Attacking Titan M with Only One Byte

We discussed this vulnerability during Episode 152 on 20 September 2022

The Titan-M is a security chip found on Google’s Pixel devices from Pixel 3 onwards. This post goes through some of the background and reversing they did on the chip, as well as exploring some fuzzing routes through blackbox as well as emulation via unicorn. Through emulated fuzzing, they found a vuln in the Keymaster task’s ImportKey handler, which had a wild one-byte write of 1. It seems the KeyParameters field was used to index into a stack buffer to set a byte to 1, but there was no bounds checking. At first this seems a weak primitive, but the Titan-M’s memory is static, and lacks mitigation for memory corruption beyond W^X.

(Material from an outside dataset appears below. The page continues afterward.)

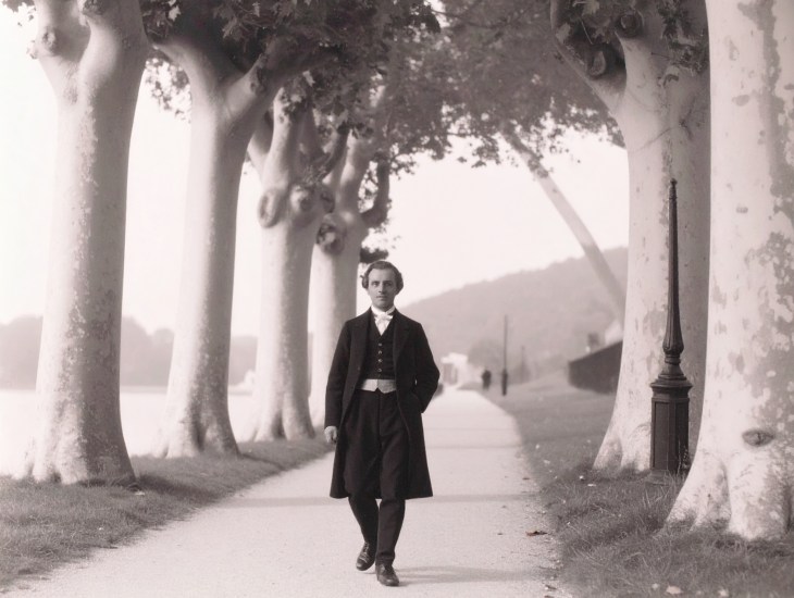 Prompt: „Der Komponist Felix Mendelssohn Bartholdy, in eleganter Kleidung gekleidet im Stil des frühen 19. Jahrhunderts, flaniert die Rheinpromenade entlang, eine Allee aus Platanen, in Koblenz-Horchheim.“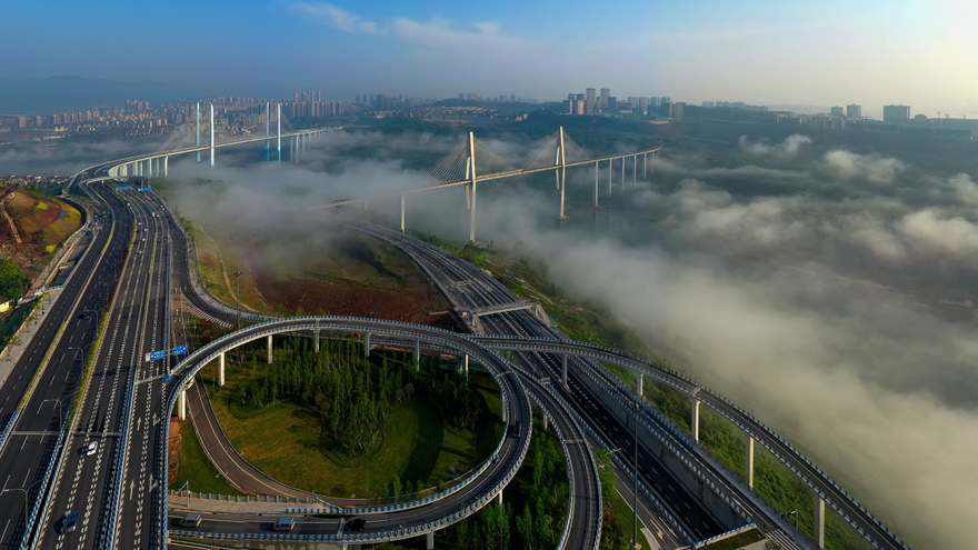 鏡頭前一座座大橋拔地而起;江上一艘艘貨輪竄梭而過;一艘艘從遠(yuǎn)方來的郵輪上乘滿各地游客;秋天的長江兩岸紅葉漫爛;晨霧中城市的列車穿云破霧,美輪美奐,壯觀的立橋猶如音符在跳動(dòng)。

They were able to smash one byte of the address where incoming keymaster requests get stored, giving a more useful out-of-bounds write. They then were able to corrupt a return pointer to ROP, and setup a second stage ROP chain to exfil data over SPI. The secondary ROP chain would be triggered by smashing the command handler with the first ROP chain. Unfortunately they couldn’t find any stack-pivot gadgets that were suitable for launching the secondary chain, but they found a cool trick. A stack pivot could be achieved as they discovered the DestroyAttestationIds handler had a 32-bit slot in the stack-frame that wasn’t overwritten by a previous function, giving a trampoline to stack-pivot. They were then able to break root of trust, exfil keys, etc.